PLEASE!! Any help or suggestions would be amazing. We are quite literally desperate at this point. Thank you


----------



## amburger16 (May 22, 2015)

Samaggio said:


> We have an 8 month old GSD puppy who is a pretty typical pup for his age. He is a little crazy and oat evenings when we get home from work our house is complete and utter chaos fe 4 hours.....we can deal with that and he's in trainjng. But we are at a breaking point with the lack of sleep we have. Enzo is worked out and entertained from the time we get home until 11 pm. He will sleep from 11 to 2 or 3. He's up. The. Till 5 or 6 he's up again. He had a grear few weeks in June, but other than that this has been our lofe. It is literally effecting our life amd health negatively and we don't know what to do!!!! He is out of his crate because hes too big, so hes in our room/floor with usWhat we've done:
> -Ignore - that worked until recently when he figured out how to jump on our bed and nip us until we get up.
> -Put him in his locked area like when we are at work - loses his mind, destroys walls, barks and wakes up our 3 year old. In addition, I don't like doing this because he's already in there 8 hrs a day!
> PLEASE!! Any help or suggestions would be amazing. We are quite literally desperate at this point. Thank you




What do you do to work and entertain him?


----------



## Samaggio (Aug 6, 2015)

We run him for a solid hour every night. This consists of chasing balls all over our 3/4 acre back yard, running hard! He is very reactive, so walks in the neighborhood aren't really an option right now. In addition, we have some sort of a chew treat for him as the night gets later (bully sticks, other things like that, homemade frozen kong treats, etc). To wind him down but still keep his mind a little active. Then, the rest of the night, 3/4 hours we are casually playing fetch or walking thru the yard or he's running with our son in our outside the house. We go with him all evening every evening that's for sure.


----------



## Ryankappel (Jun 19, 2015)

You are not alone!!

First of all, you should get a new crate if he out grew his. Ok so My 7 month old is struggling with the same thing. Tell me though, is he better on weekends when you guys are home all day?

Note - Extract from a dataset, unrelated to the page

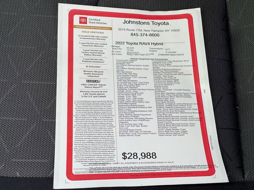 This vehicle is a 2022 Toyota RAV4 Hybrid XLE, certified pre-owned and with 65,030 miles. It has an all wheel drive system and a 2.5 liter 4 cylinder engine, making it an efficient and powerful motorcar. The exterior of the car is a ruby flare pearl 3t3 color, while the interior is finished in black. It has a crash test rating of 5 out of 5 stars, making it one of the safest cars on the market today. Additionally, this Vehicle features blind spot sensor, hill start assist, and on demand four wheel drive for added safety and convenience. With its impressive features and safety ratings, this Vehicle is sure to be a reliable choice for anyone looking for an all wheel drive car in 2022. Johnstons Toyota is located in New Hampton, NY and proudly serves Warwick, Middletown, and Newburgh, New York. We are a premier Toyota Dealer in New York providing a full line of new and used cars , trucks, vans, and SUVs.

So much energy! Do you perchance have any friends with a puppy around his age that he could go and play with at night? I have several friends who all got puppies at the same time. If I work my 8-5 (with a lunch break pee-let out) then I will take him to someone's house for a good 2-3 hour play session. 

Also I started taking him on small runs, which I will increase or decrease the lengh based on how much energy he has. If he is running almost infront of me, he has plenty of energy haha If he starts to kind of lag behind me then I know he has had enough and is ready for a rest.

The key is trying to get him not just sleep all day. If he sleeps all day then you can't exactly be upset when he isn't tired at 11! what if you were basically in bed until 5, then up for 6 hours, then told to go back to bed??

Try to be understanding.
Remember they are high energy working breed.

Do training with him. Try and stimulate that mind! Mind + physical work will make him tired quicker. 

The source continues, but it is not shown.